*** Opening of Material provided ***

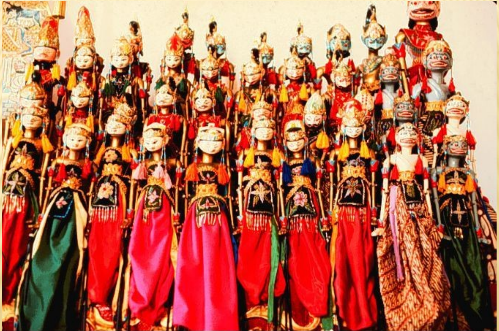
Wayang golek, wooden three dimensional puppets.
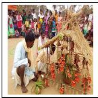
Fig 1: Baha Festival
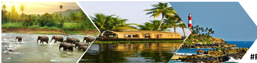
WILD LIFE - THEKKADY
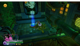
Skylanders Trap Team – Stink Fumes and Atmospheric Effects
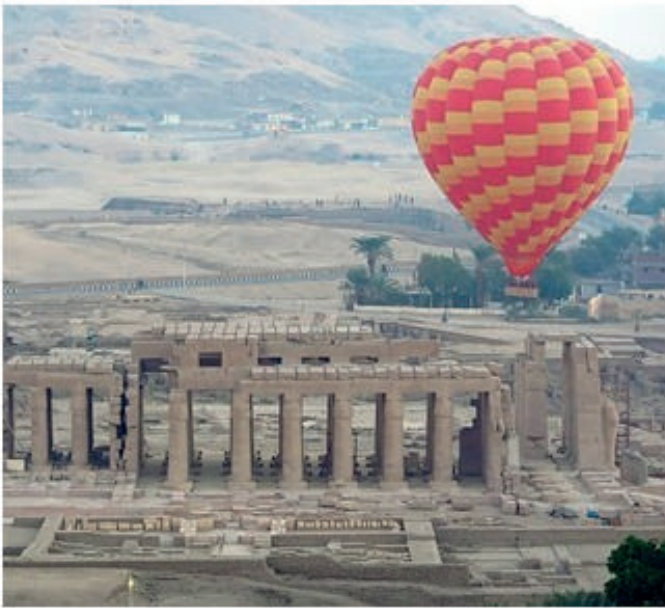
Hot Air Balloon Over Luxor
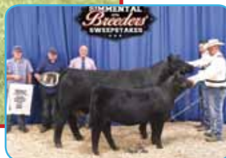
Z227 as Champion Cow/Calf Pair 2016 Simmental Breeders Sweepstakes
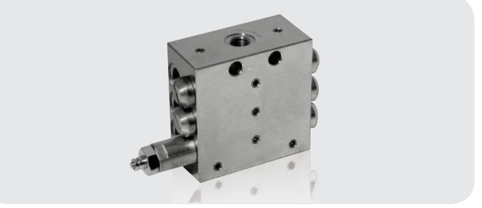
PVBM with Cycle Pin
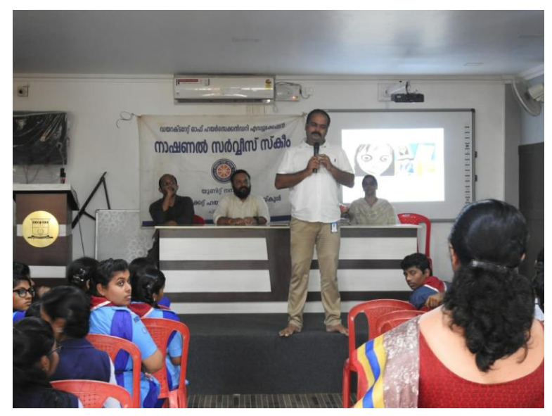
Cyber Law and Security Awareness Programme at Catholicate Higher Secondary School, Pathanamthitta
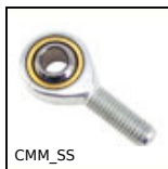
CMM_SS Rod end, Stainless steel / bronze - Economy range
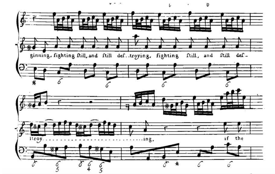
Fig. 2: Handel, Alexander's Feast , "War he sung is soil and trouble", mm.29-32. Ed. John Walsh, London, c. 1736

The octave leap in the second bar of this second occurrence can be heard as an additional return of the same A, but an A whose expressive content is altered by the subjective saturation that Burke derived from a repeated ominous sound – very much like in his account a cannon shot could bring “to the verge of pain”, despite its being identical to the precedent ones. Thus, in this air Handel’s musical depiction of war brings together objective and subjective traits of Burke’s temporal grammar of delightful horror.
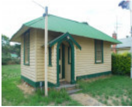
FORMER NEWSTEAD SHIRE CHAMBERS SOHE 2008
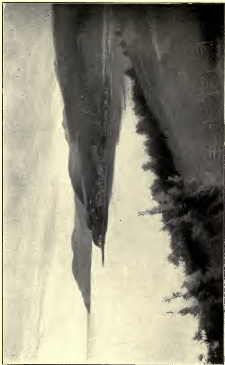
VIEW ACROSS MURRAY BAY FROM THE CAP À L'AIGLE SHORE (The farther point is Cap aux Oies, the nearer Pointe au Pic)
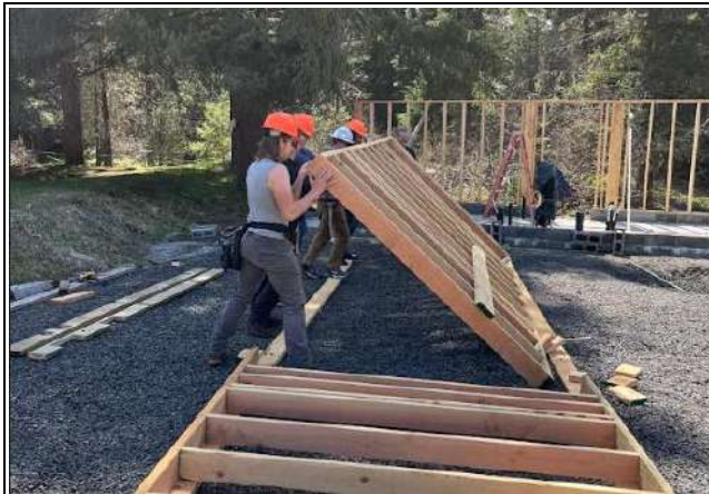
Lifting a wall is an exercise in applied physics. Many hands make work light(er)!
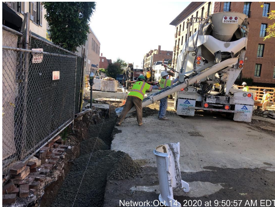
Installation of Blow Off Valve for the 12-Inch Water line
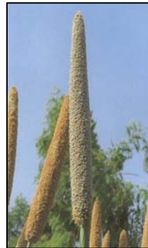
Figure 09: Pearl Millet: DGB-015
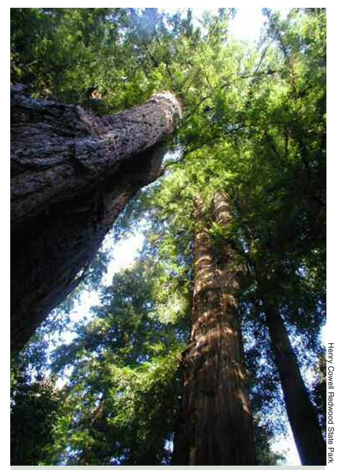
Towering California Redwoods

Trees teach us patience, sacrifice, aspiration, groundedness, jubilant anonymity, endurance of adversity, and unconditional generosity. In the world of nature, the tree most closely represents the human physical figure, not only in its vertical
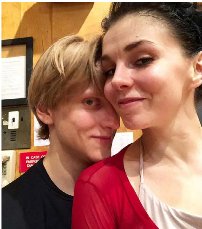
David Hallberg on Instagram (May 18th): “Birthday boy. Birthday girl. The birthday of Giselle. I love you, Natasha”, – with Natalia Osipova before performing in Giselle by ABT at the Metropolitan Opera

Olga Smirnova writes in her Instagram : “It was a real present from John Neumeier – I got a chance to spend two weeks with the Hamburg Ballet! Thank you so much! Now I want to live in this dream again”.
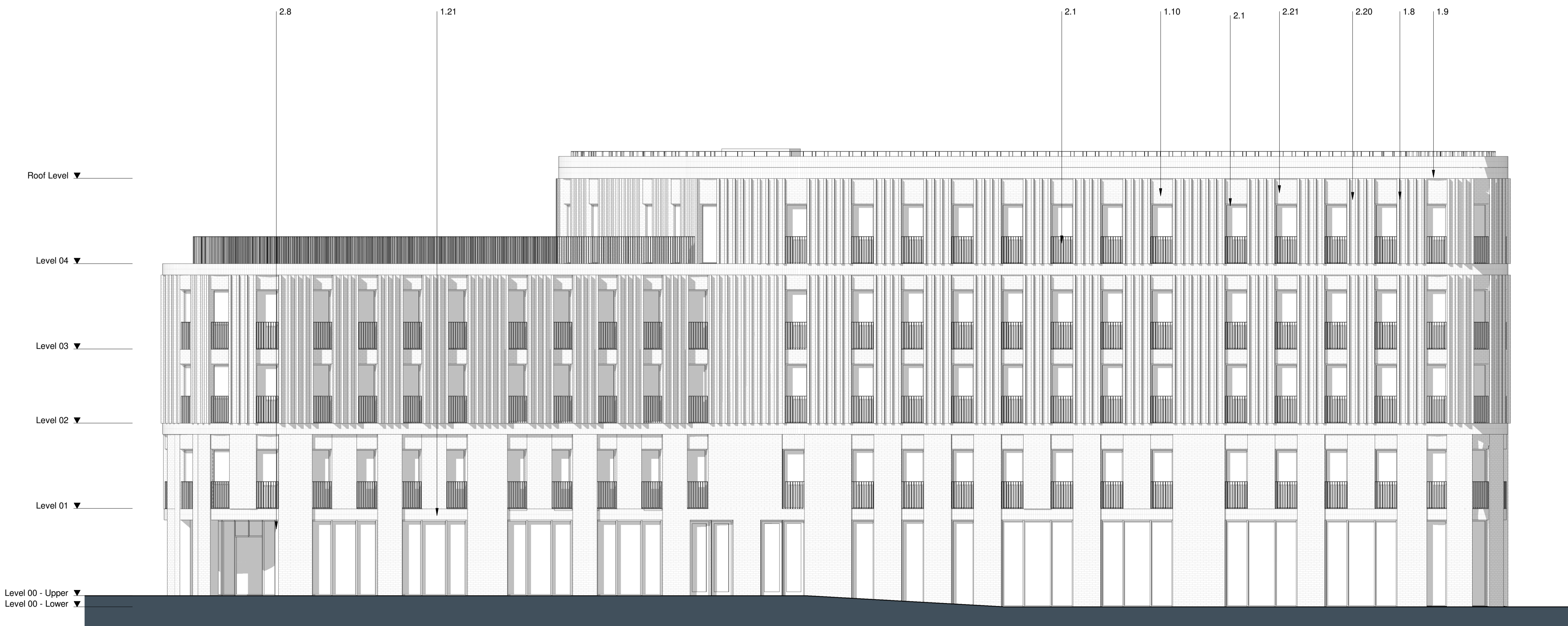
2 D - 05 - West Elevation Scale 1 : 100

Contractors and consultants are not to scale dimensions from this drawing
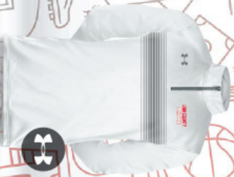
*2 UNQUINTED 1/4 ZIP WHITE • 1-20 $44
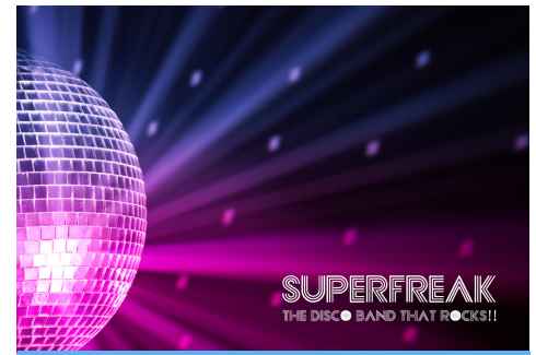
Live Music with Superfreak Band and Dance Performance by Lakeside Dance
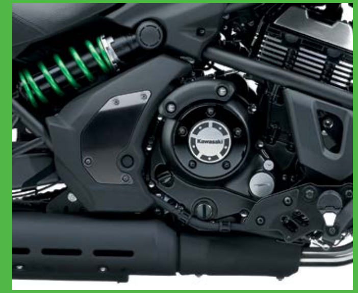
CLUTCH COVER PLATE
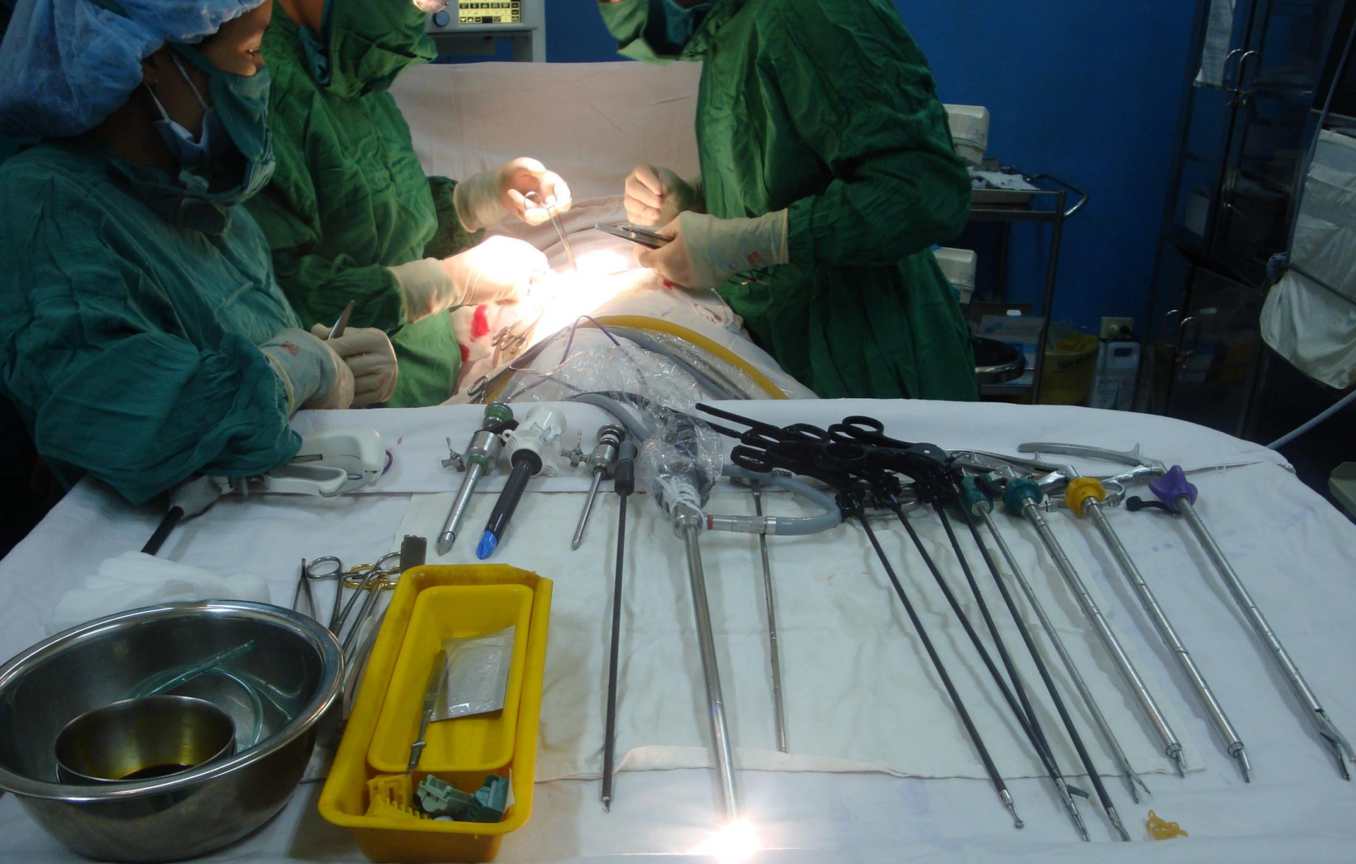
Deployment of instruments on operating table
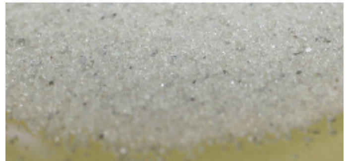
9A powder compound

To increase the grinding performance, the 9A powder compound can be added, too. Too smooth and blurred chips are roughened and cleaned.
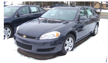
2008 CHEVY IMPALA LS Air, cruise, power, OnStar. 29 MPG. AS LOW AS $199 A MONTH TO QUALIFIED BUYERS
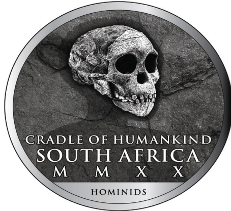
Obverse: R25 (1oz, Ag 999)

R25 fine-silver coin: Cradle of Humankind – Hominids
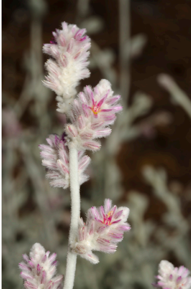
Fig. 5. Inflorescence of Ptilotus maconochiei (Purdie 8598, CANB).

royceanus rarely have flowers that are loosely compact (especially towards the apex) and not as elongated and pendulous as is usual, but are none the less distinct from those in Queensland in that the rachis is clearly visible between the flowers.
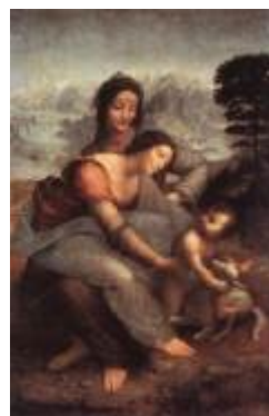
The Virgin and Child with St Anne _____
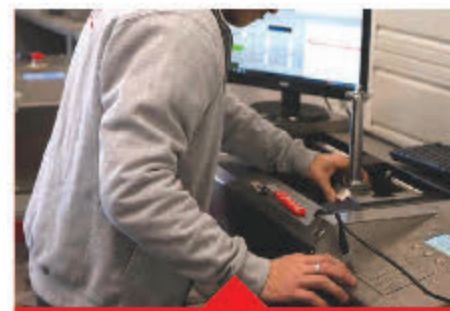
Test P10 P11 P12 according to DESP

In order to maintain the high level of industrial and environmental requirements expected by our customers, we are constantly investing in our production tool :
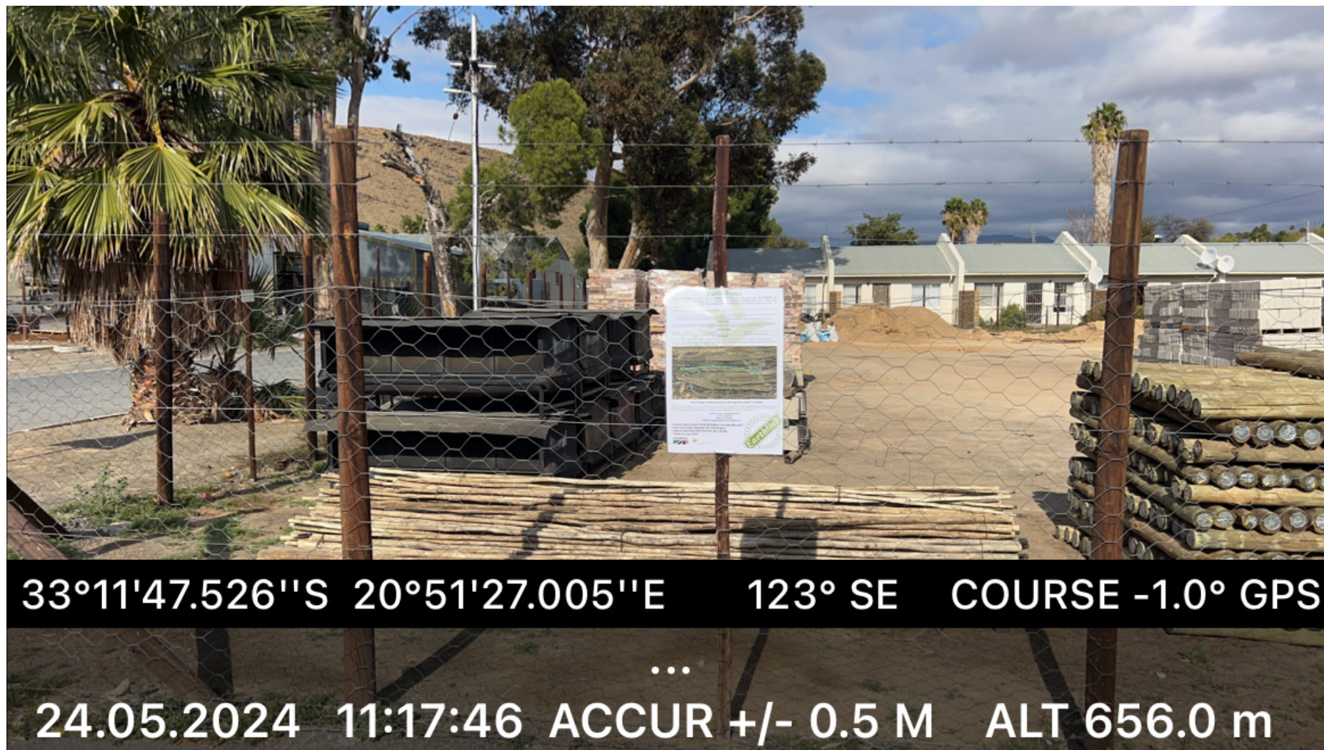
Site Notice 1: Plugged at the end point of the project (Laingsburg town)
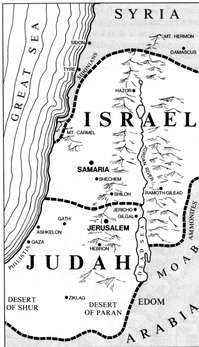
The Kingdom of Israel became divided into the houses of Israel and Judah.

*** Close of Material provided ***

Exercise prompt. Apart from the pictures, every line above must be repeated exactly.

Written solution.
Wayang golek, wooden three dimensional puppets.
Fig 1: Baha Festival
WILD LIFE - THEKKADY
Skylanders Trap Team – Stink Fumes and Atmospheric Effects
Hot Air Balloon Over Luxor
Z227 as Champion Cow/Calf Pair 2016 Simmental Breeders Sweepstakes
PVBM with Cycle Pin
Cyber Law and Security Awareness Programme at Catholicate Higher Secondary School, Pathanamthitta
CMM_SS Rod end, Stainless steel / bronze - Economy range
Fig. 2: Handel, Alexander's Feast , "War he sung is soil and trouble", mm.29-32. Ed. John Walsh, London, c. 1736

The octave leap in the second bar of this second occurrence can be heard as an additional return of the same A, but an A whose expressive content is altered by the subjective saturation that Burke derived from a repeated ominous sound – very much like in his account a cannon shot could bring “to the verge of pain”, despite its being identical to the precedent ones. Thus, in this air Handel’s musical depiction of war brings together objective and subjective traits of Burke’s temporal grammar of delightful horror.
FORMER NEWSTEAD SHIRE CHAMBERS SOHE 2008
VIEW ACROSS MURRAY BAY FROM THE CAP À L'AIGLE SHORE (The farther point is Cap aux Oies, the nearer Pointe au Pic)
Lifting a wall is an exercise in applied physics. Many hands make work light(er)!
Installation of Blow Off Valve for the 12-Inch Water line
Figure 09: Pearl Millet: DGB-015
Towering California Redwoods

Trees teach us patience, sacrifice, aspiration, groundedness, jubilant anonymity, endurance of adversity, and unconditional generosity. In the world of nature, the tree most closely represents the human physical figure, not only in its vertical
David Hallberg on Instagram (May 18th): “Birthday boy. Birthday girl. The birthday of Giselle. I love you, Natasha”, – with Natalia Osipova before performing in Giselle by ABT at the Metropolitan Opera

Olga Smirnova writes in her Instagram : “It was a real present from John Neumeier – I got a chance to spend two weeks with the Hamburg Ballet! Thank you so much! Now I want to live in this dream again”.
2 D - 05 - West Elevation Scale 1 : 100

Contractors and consultants are not to scale dimensions from this drawing
*2 UNQUINTED 1/4 ZIP WHITE • 1-20 $44
Live Music with Superfreak Band and Dance Performance by Lakeside Dance
CLUTCH COVER PLATE
Deployment of instruments on operating table
9A powder compound

To increase the grinding performance, the 9A powder compound can be added, too. Too smooth and blurred chips are roughened and cleaned.
2008 CHEVY IMPALA LS Air, cruise, power, OnStar. 29 MPG. AS LOW AS $199 A MONTH TO QUALIFIED BUYERS
Obverse: R25 (1oz, Ag 999)

R25 fine-silver coin: Cradle of Humankind – Hominids
Fig. 5. Inflorescence of Ptilotus maconochiei (Purdie 8598, CANB).

royceanus rarely have flowers that are loosely compact (especially towards the apex) and not as elongated and pendulous as is usual, but are none the less distinct from those in Queensland in that the rachis is clearly visible between the flowers.
The Virgin and Child with St Anne _____
Test P10 P11 P12 according to DESP

In order to maintain the high level of industrial and environmental requirements expected by our customers, we are constantly investing in our production tool :
Site Notice 1: Plugged at the end point of the project (Laingsburg town)
The Kingdom of Israel became divided into the houses of Israel and Judah.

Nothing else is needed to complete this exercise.